Остается единственное: вероятно, он совершил тяжкое преступление и опасается, что это обнаружится и амнистия ему не поможет, придется отвечать по всей строгости закона».

Остановившись на такой версии, Забродин на некоторое время отвлекся от дела Эрушетова.

В Тбилиси Забродин приехал днем. Его встретили грузинские товарищи. В большом городе, зажатом со всех сторон горами, было жарко, и, пока автомобиль мчался по извилистым улицам, Забродин с завистью смотрел на зеленую гору Мтацминда, что возвышается над столицей Грузии. Там, вдали, бесшумно двигались вверх и вниз вагончики фуникулера, поднимающие жителей в прохладный парк.

Далеко на склоне горы он заметил знакомую древнюю церковь святого Давида. Там захоронен Грибоедов. Потом перед ним раскрылась зажатая с двух сторон в бетонные набережные Кура... И вот уже красивое здание гостиницы на проспекте Руставели.

Друзья наперебой рассказывали, что нового построено в городе, с гордостью сообщали о том, что заполняется водой Тбилисское море, и он вместе с ними радовался их успехам.

На следующий день Забродин занялся делами. Он выяснил, что контрразведке известны несколько контрабандистов, которых по ряду соображений пока не трогали. Было известно, что и куда они переправляли, но ничего подозрительного по связям с иностранными разведками зафиксировано не было. Речь шла только о заграничных тряпках и сигаретах.

Несколько человек встречались с подозрительными иностранными туристами. Эти связи были эпизодическими. Решили еще раз проверить и их.

Только к вечеру полковник смог выкроить время для группы Эрушетова. Он позвонил полковнику Чхенкели, который руководил всей операцией.

— Заходите, дорогой, заходите, — услышал он приветливый голос. — Я уже знаю, что нам нужно поговорить о деле Эрушетова.

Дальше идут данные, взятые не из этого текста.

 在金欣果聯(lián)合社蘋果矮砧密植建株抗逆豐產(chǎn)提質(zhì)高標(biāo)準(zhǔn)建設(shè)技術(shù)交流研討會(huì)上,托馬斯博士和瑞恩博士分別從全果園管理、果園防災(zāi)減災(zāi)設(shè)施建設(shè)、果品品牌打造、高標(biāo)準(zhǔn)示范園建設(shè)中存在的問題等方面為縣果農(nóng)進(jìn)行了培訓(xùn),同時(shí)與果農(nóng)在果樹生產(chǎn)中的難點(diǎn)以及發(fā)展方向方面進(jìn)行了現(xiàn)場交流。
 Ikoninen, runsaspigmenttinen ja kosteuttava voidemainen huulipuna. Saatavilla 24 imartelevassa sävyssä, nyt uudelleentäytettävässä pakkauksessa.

Забродин вошел в большой кабинет. Навстречу ему поднялся из-за стола невысокий, довольно полный молодой грузин, с сединой на висках. Он крепко пожал Забродину руку и усадил в кресло. После того как они справились о здоровье друг друга, о семьях, перешли к делу Эрушетова. Забродин изложил инструкции, полученные в Москве. Чхенкели задумался. Закурил.

— Мы обсуждали этот вариант. — Чхенкели говорил ровно, спокойно. — Можно послать в горы Махмуда с кем-нибудь и взять Эрушетова силой. Но нам кажется, что это не лучшее решение вопроса.

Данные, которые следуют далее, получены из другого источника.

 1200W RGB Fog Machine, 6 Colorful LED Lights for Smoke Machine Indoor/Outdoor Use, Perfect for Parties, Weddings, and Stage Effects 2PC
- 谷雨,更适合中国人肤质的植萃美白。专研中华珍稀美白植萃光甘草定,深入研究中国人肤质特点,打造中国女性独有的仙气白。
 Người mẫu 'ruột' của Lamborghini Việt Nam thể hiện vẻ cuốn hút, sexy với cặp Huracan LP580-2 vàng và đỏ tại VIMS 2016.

Чхенкели пристально посмотрел на Забродина. Своими возражениями он не хотел обидеть коллегу. Забродин внимательно слушал его.

— Посудите сами, — продолжал Чхенкели. — Во-первых, Эрушетов сильный и ловкий. Он может убить и двоих. Во-вторых, — он вытащил два толстых цветных карандаша из стаканчика и положил их рядом на столе, — Эрушетов может уговорить этих парней остаться с ним в горах, и, таким образом, все, что мы сделали до сих пор, окажется напрасным. А самое главное, — он взял в руку третий карандаш, как бы подчеркивая значимость своих слов, — если они доставят к нам Эрушетова связанным, то что будет с ним? Распространится ли на него амнистия, в которой сказано, что участники группы должны спуститься с гор и добровольно сложить оружие. Вероятно, этот вопрос будет решать суд? А если судить главаря, то какое влияние это окажет на других участников группы? — Чхенкели разволновался.

Он израсходовал все аргументы и теперь смотрел на Забродина, пытаясь отгадать, что тот ответит.

Забродин понял, что Чхенкели прав. Обсуждая этот вопрос в Москве, они, по-видимому, не учли всех обстоятельств, всей специфики. В данном случае целесообразно было отказаться от плана, намеченного в Москве. Но Забродин не мог решить это сам и пока молчал. Что-то вспомнив, Чхенкели продолжал:

— Нужно учесть еще одну особенность: если такого человека доставить связанным, то даже при самом лучшем исходе не удержать нам его потом в селении. Останется обида. Уйдет он снова в горы и будет мстить людям.

— Вы, вероятно, правы, — сказал Забродин. — Я много думал об Эрушетове. И у меня сложилось впечатление, что мы не все о нем знаем. Может быть, на его совести еще какое-то серьезное преступление? Убийство? И он опасается, что это обнаружится и его будут судить?!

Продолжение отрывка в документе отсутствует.